On this sphere, pure states (our set pieces) span the surface, while mixed states are in the interior. For instance, the point indicated by *ρ* is a particular mixed state, like the trapezium target shape in our earlier examples. In this depiction of our quantum Tangram version of the convex roof problem, finding a preparation for the mixed state *ρ* amounts to finding a set of points on the surface (pure states), such that their barycenter (aka their weighted average) coincides with the point *ρ*. For instance, the target state ρ can be prepared by mixing the pure states Φ_{0} and Φ_{1 }with suitable weights, or alternatively the pure states ψ_{0} and ψ_{1} with other suitable weights. But the crux of the problem remains: which ones of all these possible preparations of the mixed state *ρ* are the cheapest in units of entanglement? You will have noticed that the sphere is coloured: the colours actually reflect the entanglement value of all the pure states on the surface, ranging from 0 (red) to some maximal value (blue). As per the one root requirement, there is only one pure state with exactly zero entanglement, and is denoted by a *z*. The state diametrically opposite to it on the sphere, labelled *z’*, is in turn the most entangled one.

Well, we are now ready to give the solution to the main problem: under the conditions stated above, the convex roof problem becomes *completely trivial*! More precisely, any possible preparation of ρ carries the same overall entanglement value, even if the individual pure states involved in each preparation may have varying levels of entanglement.
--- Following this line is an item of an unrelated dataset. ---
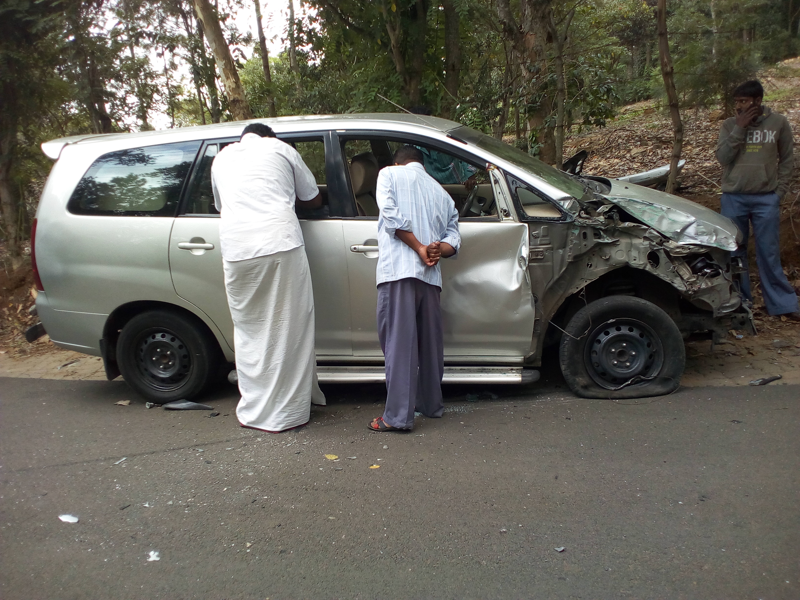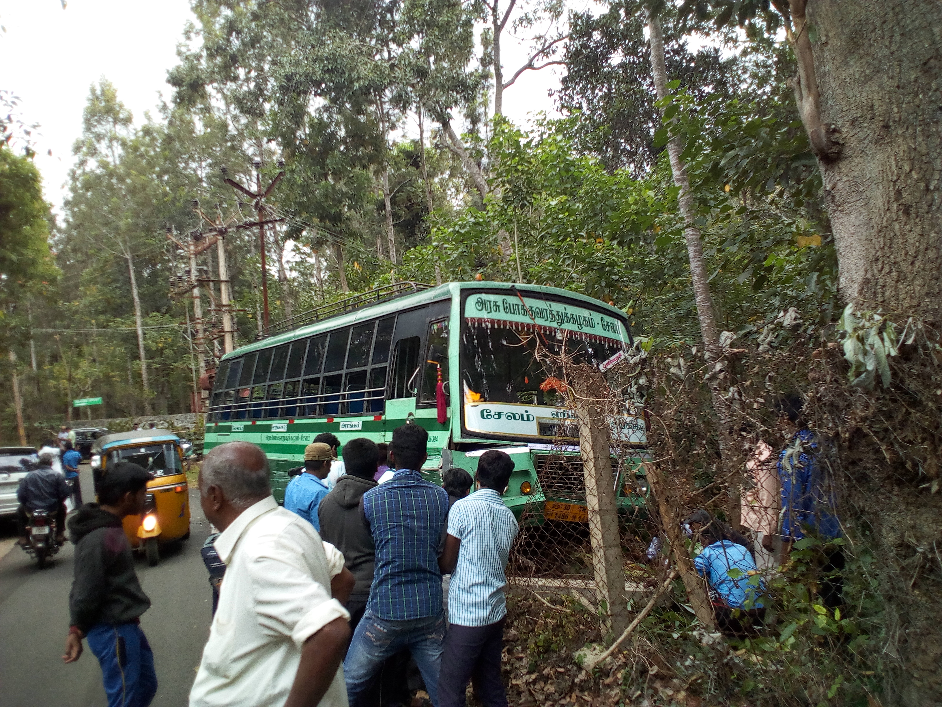 அந்த கார் அரசு பேருந்தின் முன்புறம் மோதியது. இதனால் பேருந்து சாலையோரத்தில் உள்ள மின்சார  டிரான்ஸ் பார்மர் மீது மோதும்படி சென்றது. உடனடியாக ஓட்டுனர் சின்ராஜ் பேருந்தை அங்கிருந்த காப்பித்தோட்டத்திற்கு திருப்பி இறக்கினார். இதனால் பேருந்து டிரான்ஸ் பார்மர் மோதாமல் பெரும் விபத்து தவிர்க்கப்பட்டது. இதனால் 49 பயணிகள் உயிர் தப்பித்தனர்.

This is a bit like the second example with the trapezium in our Tangram analogy, with the important difference that in the present case we have a theorem proving that all solutions are equivalent when the one root condition is in force. The theorem follows from nothing more than elementary Euclidean geometry, and builds on a classical result due to Apollonius of Perga (circa 200 BC). Such a finding implies that entanglement can be quantified easily in mixed states of many particles compliant with the one root constraint, and is exactly specified in geometric terms by the distance between the plane containing the given mixed state *ρ *and the separable state *z* embodying the one root (i.e., in the picture, the length of the segment connecting *z* to the centre *ρ _{c}* of the shaded plane containing

*ρ*). This is particularly remarkable and leads to novel formulas for various classes of states whose entanglement determination had remained unsolved so far, yet what we are mostly pleased about is the fact that our study unveils a new link between classical geometry and quantum information theory, leading to mathematically elegant and physically insightful results.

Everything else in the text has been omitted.